As illustrated in the image, the IDs generated increase by 2.
This approach has several drawbacks:
- Across multiple servers, IDs are not ordered by time
- Does not work well when adding or removing servers
Centralised Auto Increments
If we can’t make auto_increments work across multiple databases, what if we just use one database? This is the approach by Flickr.
A Flickr ticket server is a dedicated database server, with a single database on it, and in that database there are tables like Tickets32 for 32-bit IDs, and Tickets64 for 64-bit IDs.
The Tickets64 schema looks like:
CREATE TABLE `Tickets64` (
`id` bigint(20) unsigned NOT NULL auto_increment,
`stub` char(1) NOT NULL default '',
PRIMARY KEY (`id`),
UNIQUE KEY `stub` (`stub`)
) ENGINE=InnoDB
SELECT * from Tickets64
returns a single row that looks something like:
+-------------------+------+
| id | stub |
+-------------------+------+
| 72157623227190423 | a |
+-------------------+------+
When I need a new globally unique 64-bit ID I issue the following SQL:
REPLACE INTO Tickets64 (stub) VALUES ('a');
SELECT LAST_INSERT_ID();
This approach has several drawbacks:
- Single point of failure
UUID
String generateID() {
return UUID.randomUUID().toString().replaceAll("-","");
}
UUIDs are 128-bit hexadecimal numbers. They are easy to use and has a very low probability of collision. The system can scale very easily because each server is responsible for their own ID generation.

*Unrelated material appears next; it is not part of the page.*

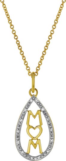 Teardrop Mom Diamond Pendant Necklace in 10K Yellow Gold

This approach has several drawbacks:
- Does not meet requirement of 64-bits size
- IDs are not ordered by time
Twitter Snowflake
This approach divides the ID into different sections.
1 bit | 41 bits | 5 bits | 5 bits | 12 bits |
---|---|---|---|---|
0 | timestamp | data center id | machine id | sequence number |
The IDs are made up of the following components:
- Epoch timestamp - 41 bits which gives us 69 years for any custom epoch.
- Data Center ID - 5 bits which gives us 32 data centers
- Machine ID - 5 bits which gives us 32 machines per data centers
- Sequence number - Sequence number is incremented by 1 for every ID generated on the machine. Resets to 0 every millisecond. In theory, we can support 2^12 = 4096 new IDs every millisecond.
- The extra one reserved bit is to make the overall number positive.
This approach meets our requirements, however there are still several considerations:
- Clock synchronization. In distributed systems, servers may not use the same clock to generate the timestamp. Popular solution to clock synchronization may be to use Network Time Protocol.